» **AVAILABLE RECORDS**

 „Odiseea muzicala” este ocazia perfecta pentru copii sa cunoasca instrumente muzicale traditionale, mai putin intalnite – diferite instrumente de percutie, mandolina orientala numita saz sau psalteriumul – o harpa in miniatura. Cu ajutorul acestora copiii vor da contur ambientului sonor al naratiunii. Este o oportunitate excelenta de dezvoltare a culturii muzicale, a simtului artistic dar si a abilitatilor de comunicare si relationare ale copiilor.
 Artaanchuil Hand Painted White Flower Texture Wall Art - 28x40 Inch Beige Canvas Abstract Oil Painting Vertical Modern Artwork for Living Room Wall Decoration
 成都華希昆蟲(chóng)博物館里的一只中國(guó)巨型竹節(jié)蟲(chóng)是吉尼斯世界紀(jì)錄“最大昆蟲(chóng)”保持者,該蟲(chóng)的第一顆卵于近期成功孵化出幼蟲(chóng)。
* * *
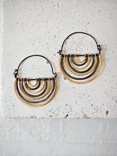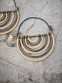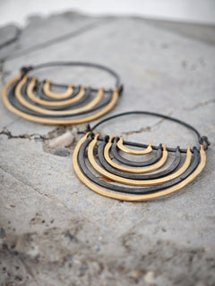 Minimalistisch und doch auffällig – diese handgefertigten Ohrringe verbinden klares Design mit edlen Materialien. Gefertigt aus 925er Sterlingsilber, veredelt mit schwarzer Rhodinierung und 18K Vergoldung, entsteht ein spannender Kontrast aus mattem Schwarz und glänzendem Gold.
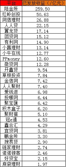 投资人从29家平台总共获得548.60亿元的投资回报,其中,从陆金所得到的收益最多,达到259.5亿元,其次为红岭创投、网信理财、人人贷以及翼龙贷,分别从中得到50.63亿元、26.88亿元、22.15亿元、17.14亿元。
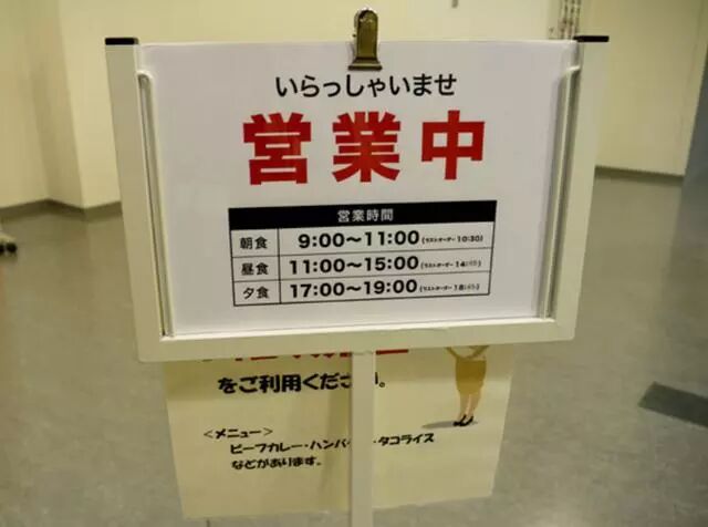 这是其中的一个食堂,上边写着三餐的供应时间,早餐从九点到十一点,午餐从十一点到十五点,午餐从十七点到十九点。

» **TASK DESCRIPTION**
Above are the entries. Output exactly the lines beginning with the line that has "Artaanchuil Hand Painted" and ending with the line that has "成都華希昆蟲(chóng)博".

» **SOLUTION TO THIS EXERCISE**
 Artaanchuil Hand Painted White Flower Texture Wall Art - 28x40 Inch Beige Canvas Abstract Oil Painting Vertical Modern Artwork for Living Room Wall Decoration
 成都華希昆蟲(chóng)博物館里的一只中國(guó)巨型竹節(jié)蟲(chóng)是吉尼斯世界紀(jì)錄“最大昆蟲(chóng)”保持者,該蟲(chóng)的第一顆卵于近期成功孵化出幼蟲(chóng)。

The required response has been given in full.